→ **Records for the exercise**:

((

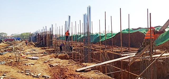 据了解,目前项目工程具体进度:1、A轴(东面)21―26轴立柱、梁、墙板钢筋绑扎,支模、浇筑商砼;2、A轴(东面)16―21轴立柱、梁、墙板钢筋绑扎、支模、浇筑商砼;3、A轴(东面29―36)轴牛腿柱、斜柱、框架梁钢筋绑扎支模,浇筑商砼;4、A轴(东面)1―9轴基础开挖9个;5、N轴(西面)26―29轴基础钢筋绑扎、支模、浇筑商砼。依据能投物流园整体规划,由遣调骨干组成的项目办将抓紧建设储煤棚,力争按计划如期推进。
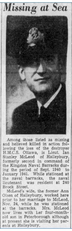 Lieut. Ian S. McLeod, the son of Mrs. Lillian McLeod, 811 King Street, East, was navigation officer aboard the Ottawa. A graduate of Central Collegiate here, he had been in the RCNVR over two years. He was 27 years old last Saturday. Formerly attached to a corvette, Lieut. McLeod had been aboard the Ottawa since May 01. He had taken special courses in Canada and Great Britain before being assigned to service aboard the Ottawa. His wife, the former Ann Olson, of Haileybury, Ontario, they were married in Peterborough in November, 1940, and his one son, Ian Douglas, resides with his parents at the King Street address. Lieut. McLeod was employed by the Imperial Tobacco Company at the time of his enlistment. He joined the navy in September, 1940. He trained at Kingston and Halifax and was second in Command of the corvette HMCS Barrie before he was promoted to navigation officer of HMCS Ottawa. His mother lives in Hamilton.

))
((

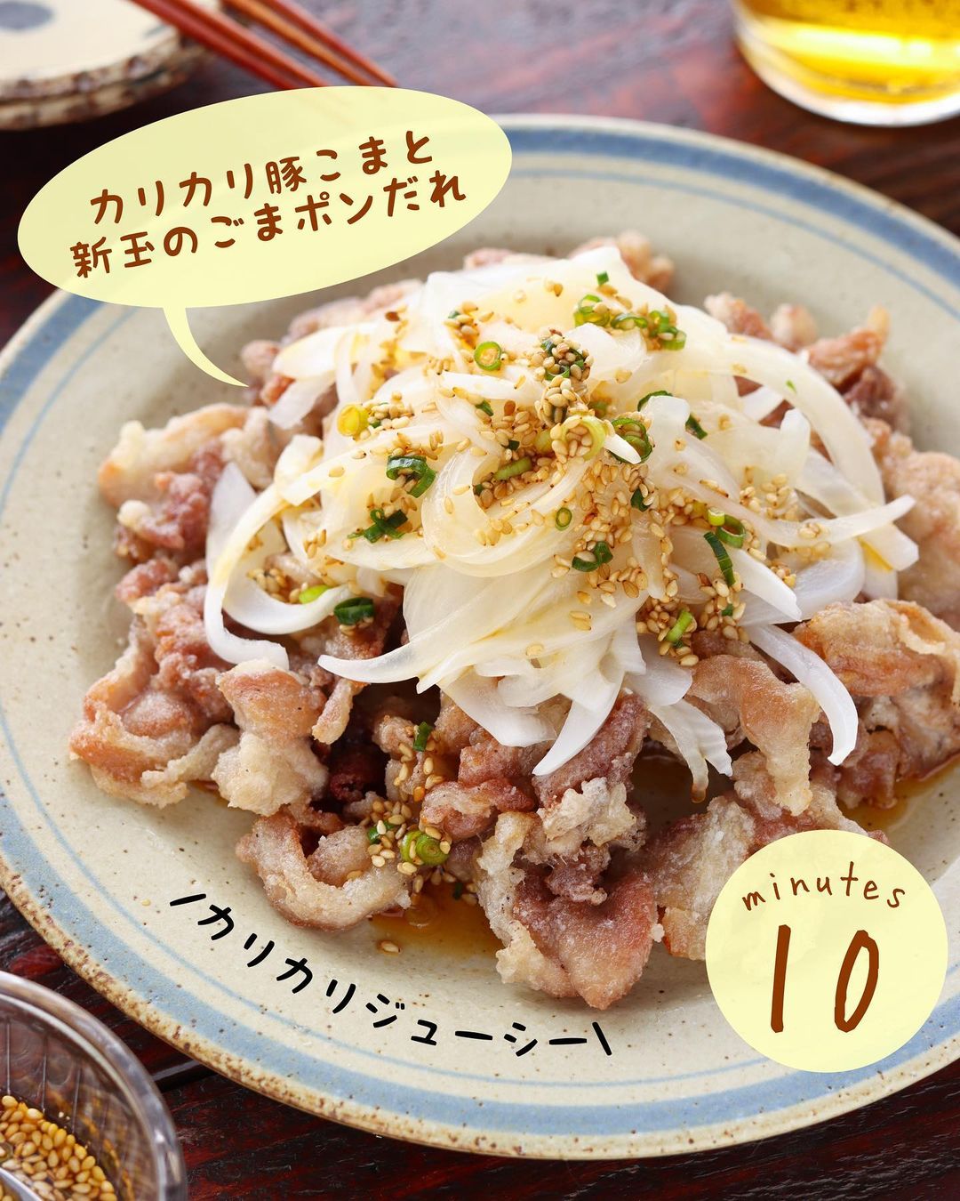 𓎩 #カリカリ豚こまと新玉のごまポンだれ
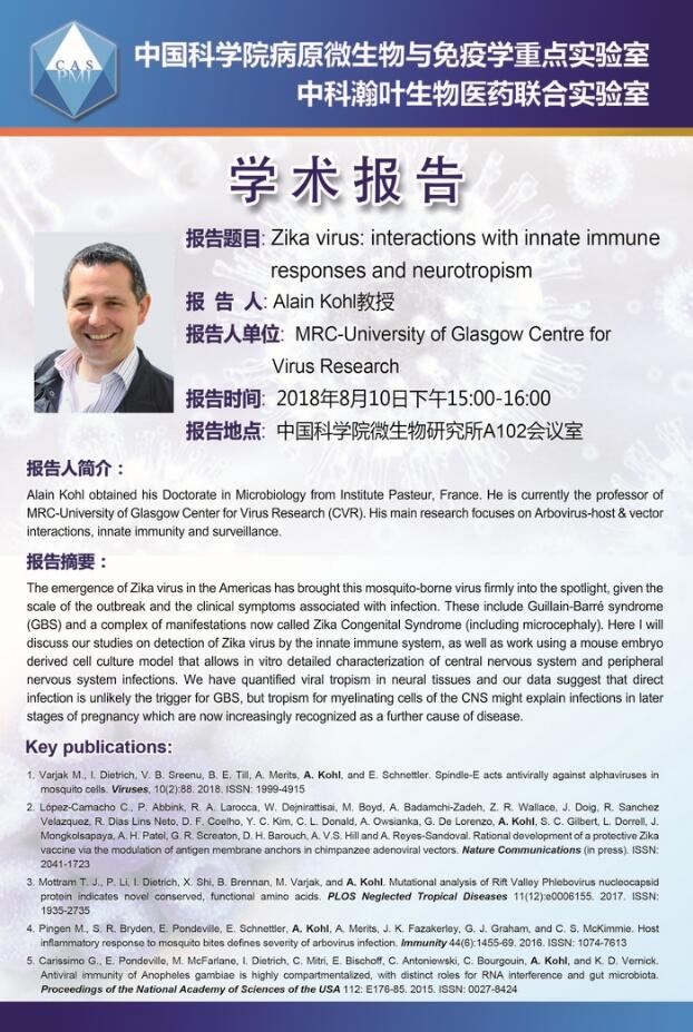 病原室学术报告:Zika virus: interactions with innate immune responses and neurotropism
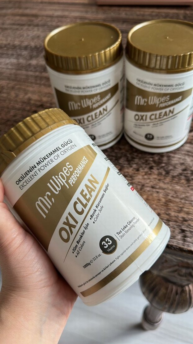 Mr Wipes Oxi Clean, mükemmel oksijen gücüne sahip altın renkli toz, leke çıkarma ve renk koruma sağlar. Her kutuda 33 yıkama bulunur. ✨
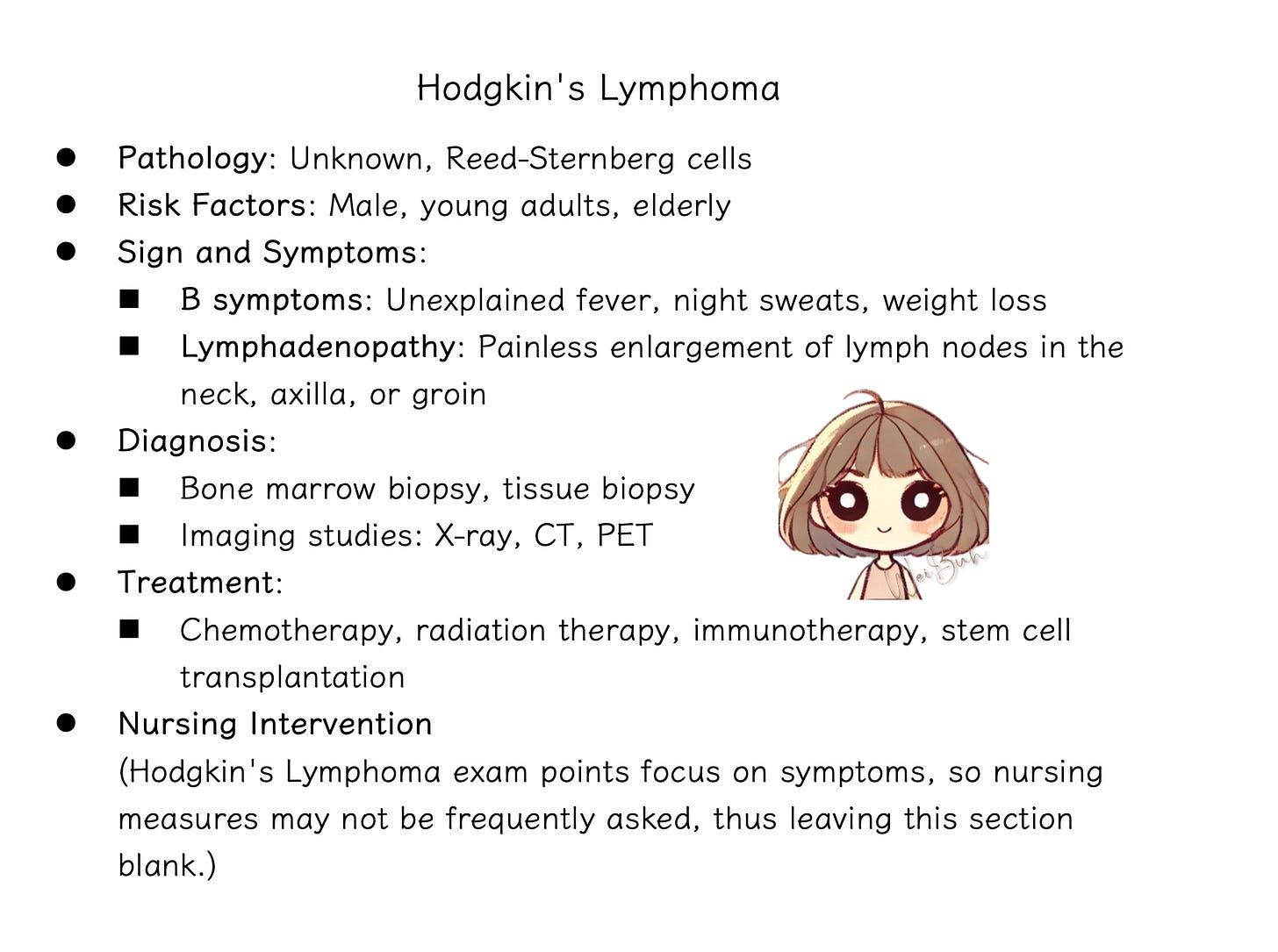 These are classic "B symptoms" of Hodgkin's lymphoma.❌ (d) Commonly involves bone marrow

))

Only the lines above starting with the line with "据了解,目前项目工程具体进度" and going on through the line with "Lieut. Ian S." belong in the answer; repeat them exactly, minus any picture.

→ **Expected answer**:
 据了解,目前项目工程具体进度:1、A轴(东面)21―26轴立柱、梁、墙板钢筋绑扎,支模、浇筑商砼;2、A轴(东面)16―21轴立柱、梁、墙板钢筋绑扎、支模、浇筑商砼;3、A轴(东面29―36)轴牛腿柱、斜柱、框架梁钢筋绑扎支模,浇筑商砼;4、A轴(东面)1―9轴基础开挖9个;5、N轴(西面)26―29轴基础钢筋绑扎、支模、浇筑商砼。依据能投物流园整体规划,由遣调骨干组成的项目办将抓紧建设储煤棚,力争按计划如期推进。
 Lieut. Ian S. McLeod, the son of Mrs. Lillian McLeod, 811 King Street, East, was navigation officer aboard the Ottawa. A graduate of Central Collegiate here, he had been in the RCNVR over two years. He was 27 years old last Saturday. Formerly attached to a corvette, Lieut. McLeod had been aboard the Ottawa since May 01. He had taken special courses in Canada and Great Britain before being assigned to service aboard the Ottawa. His wife, the former Ann Olson, of Haileybury, Ontario, they were married in Peterborough in November, 1940, and his one son, Ian Douglas, resides with his parents at the King Street address. Lieut. McLeod was employed by the Imperial Tobacco Company at the time of his enlistment. He joined the navy in September, 1940. He trained at Kingston and Halifax and was second in Command of the corvette HMCS Barrie before he was promoted to navigation officer of HMCS Ottawa. His mother lives in Hamilton.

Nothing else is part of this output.